This elegant symmetrical building of polished red brick and terra-cotta is said to resemble the Midland Hotel in Manchester. It was designed by Henry’s friend, James France, and is of Edwardian style. It consists of 5 storeys, and its imposing, castellated central clock tower still overlooks Shotton today, contrasting with the high-tech factories that surround it. These villages began as a planned community for workers of the nearby steel works in Shotton, in accordance with company policy to give their workers decent housing. These villages were originally intended to be called "Sealand Garden Suburb" and were planned to be four times bigger, but construction was halted by the advent of the First World War. (Below is a photograph of Shotton Point).


1902 - 1910
By the year 1909, the company was the largest manufacturer of galvanized steel in the country, and probably the largest manufacturer of steel nail strips and sheets. The site now occupied 60 acres and 10,000 acres of marshland had been purchased. Looking across the Dee from Shotton, the factory had the appearance of a town of small factories, and there were 26 tall chimney stacks. The workforce had now reached 3000 and the weekly wage bill was £6000. The capacity of the factory was 160,000 tons of steel per annum.

While the works grew the hamlets of Shotton and Connah’s Quay had an influx of workers and their families. The works and the community grew together. In 1902 a group of managers in the works formed Summers Permanent Benefit Building Society to fund house purchase. James Summers was president and mortgages were repaid directly from workers’ wages. By 1909 John Summers and Sons was the largest manufacturer of galvanised steel in the country and by 1910 the workforce had grown to 3,000 the policy of building houses for workers financed through the company building society helped attract men to the area. (The photograph below is of the Steel Works Crew). 

Steel Works Crew

1911 - 1972
In 1911 John Summers and Sons signed an agreement with the railway allowing directors, officers, servants, and workpeople of Summers and children and others bringing meals to such workpeople to use the footways. Everyone else had to pay a half penny each way. This existed until 1972 when a new agreement was signed with the new owners, British Rail. (The photograph below is of Summers Headquarters Building in 1910)

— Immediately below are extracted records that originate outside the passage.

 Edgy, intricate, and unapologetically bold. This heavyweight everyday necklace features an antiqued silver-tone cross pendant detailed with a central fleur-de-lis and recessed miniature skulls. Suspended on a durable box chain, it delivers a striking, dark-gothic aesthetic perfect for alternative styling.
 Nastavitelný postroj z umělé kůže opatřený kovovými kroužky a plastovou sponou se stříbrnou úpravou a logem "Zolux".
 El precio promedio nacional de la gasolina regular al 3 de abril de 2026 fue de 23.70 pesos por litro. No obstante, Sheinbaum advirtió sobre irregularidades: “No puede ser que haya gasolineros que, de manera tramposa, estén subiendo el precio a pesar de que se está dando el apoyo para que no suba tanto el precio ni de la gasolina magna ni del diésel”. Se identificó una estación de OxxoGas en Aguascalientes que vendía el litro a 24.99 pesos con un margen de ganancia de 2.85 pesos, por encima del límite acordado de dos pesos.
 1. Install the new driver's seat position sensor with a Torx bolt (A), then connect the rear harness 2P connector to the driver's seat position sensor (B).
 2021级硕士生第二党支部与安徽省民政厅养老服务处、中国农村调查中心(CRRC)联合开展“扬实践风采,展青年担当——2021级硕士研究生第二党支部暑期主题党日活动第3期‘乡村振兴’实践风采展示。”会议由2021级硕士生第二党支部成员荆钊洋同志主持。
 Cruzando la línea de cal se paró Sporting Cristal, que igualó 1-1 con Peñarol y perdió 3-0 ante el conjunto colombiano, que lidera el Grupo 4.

Photograph of John Summers Headquarters Building in 1910

1914 - 1918
Thousands of steel sheets were produced for the trenches, Nissen huts, and shell-making during the First World War. One of the Shotton employees Harry Weale, had the distinction of being awarded the Victoria Cross for bravery, At the age of 17 he left his job as a packer in the steelworks on the outbreak of hostilities in August 1914. He was evacuated back home shortly after from Ypres in Belgium suffering from severe frostbite and then suffered a leg wound and gassing on his return to the frontline in 1915. His brave action occurred in 1918 while serving as a lance-corporal in the Royal Welch Fusiliers.

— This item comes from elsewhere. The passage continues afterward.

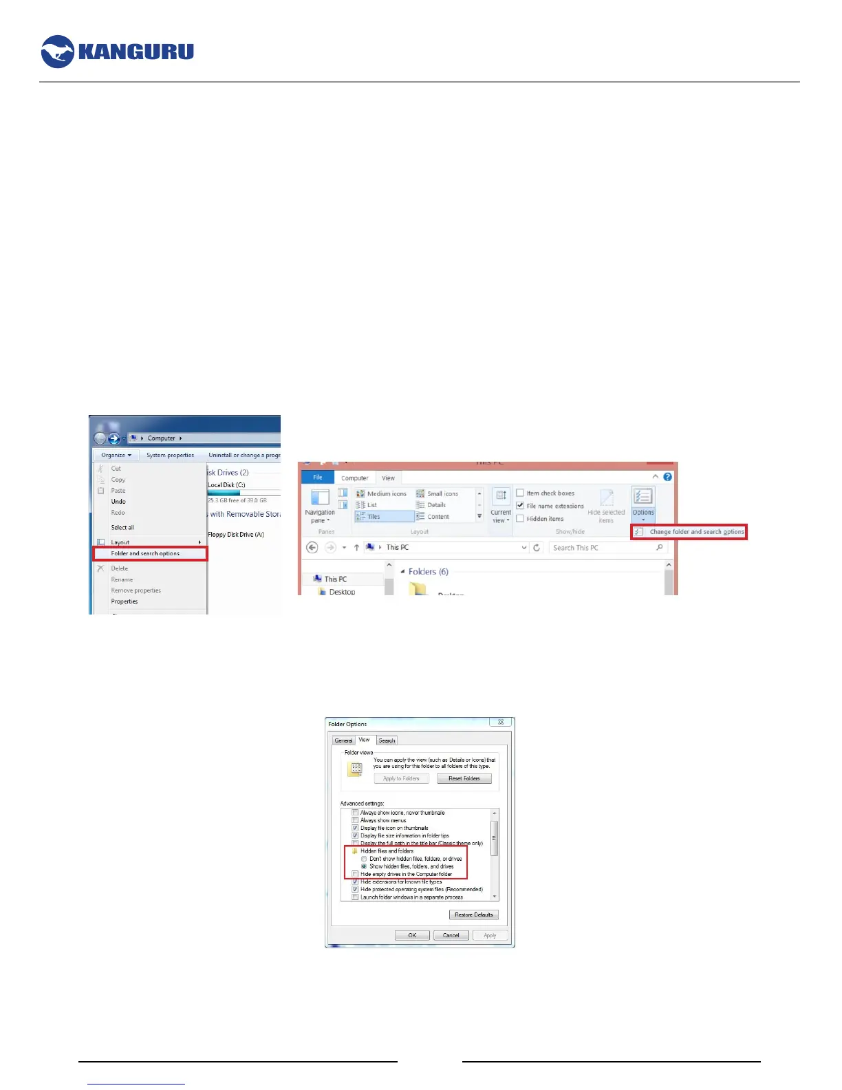○ Windows 7 : Open My Computer, click on the Organize tab and then select Folder and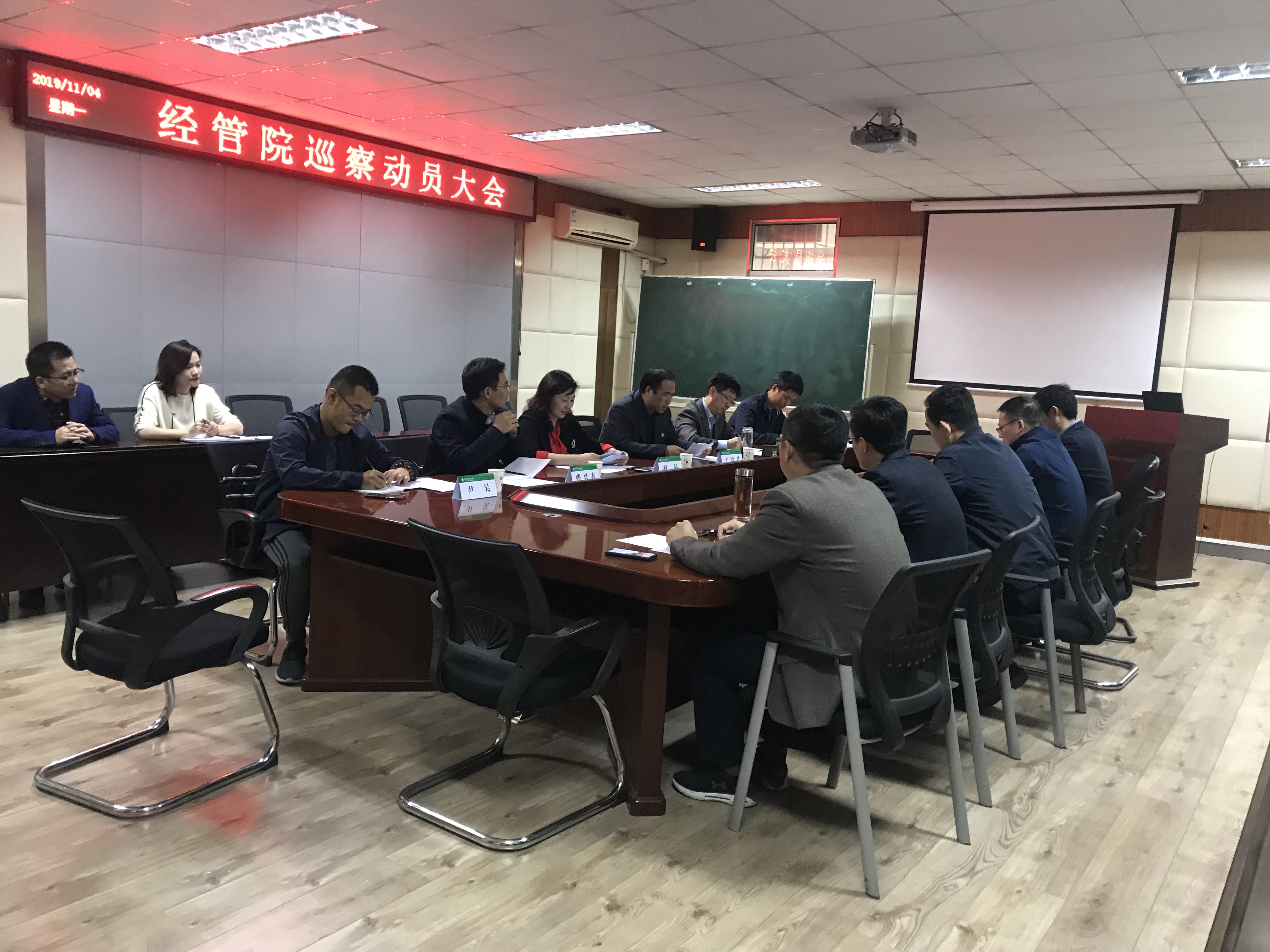 11月4日上午10点,经济管理学院党委召开巡察动员暨民主测评大会。根据《关于印发<南京林业大学第十六届党委第三轮巡察工作实施方案>的通知(南林委〔2019〕21号)》文件精神和校党委2019年全面从严治党工作部署,校党委第三轮巡察工作第一巡察组组长、校党委副书记王培君和巡察组全体成员出席会议,院领导班子、教职工党支部书记、系室主任、团委书记、工会主席、辅导员等参加会议。会议由巡查组副组长、校党委常委、统战部部长赵晶主持。

“On 26 August 1918 at Bazentin-le-Grand, France, when the advance of the adjacent battalion was held up by enemy machine-guns, Lance-Corporal Weale was ordered to deal with hostile posts. When Lewis gun failed him, on his initiative, he rushed to the nearest post and killed the crew, then went for the others, the crews of which fled on his approach. His dashing action cleared the way for the advance, inspired his comrades, and resulted in the capture of all the machine guns.” Harry survived the war, returned to the steelworks, married Susannah Harrison, and moved from Shotton to Rhyl where he died in 1959 at the age of 62. (The photograph below is of Henry Weale)

Photograph of Henry Weale

In the immediate post-war years, Shotton was highly successful. By 1915 output had increased to 240,000 tons, and a second steel plant was under construction. In 1919 the Wolverhampton Corrugated Iron Company at Ellesmere Port was taken over by John Summers. They also bought the Castle Fire Brick Company in Buckley. The next year they took over the Shelton Iron, Steel, and Coal Company of Stoke-on-Trent. This company was Shotton's supplier of pig iron, a very scarce item at the time and this acquisition meant that the company had become very largely self-contained and self-sufficient. (The photograph below is Shotton Point's War Memorial)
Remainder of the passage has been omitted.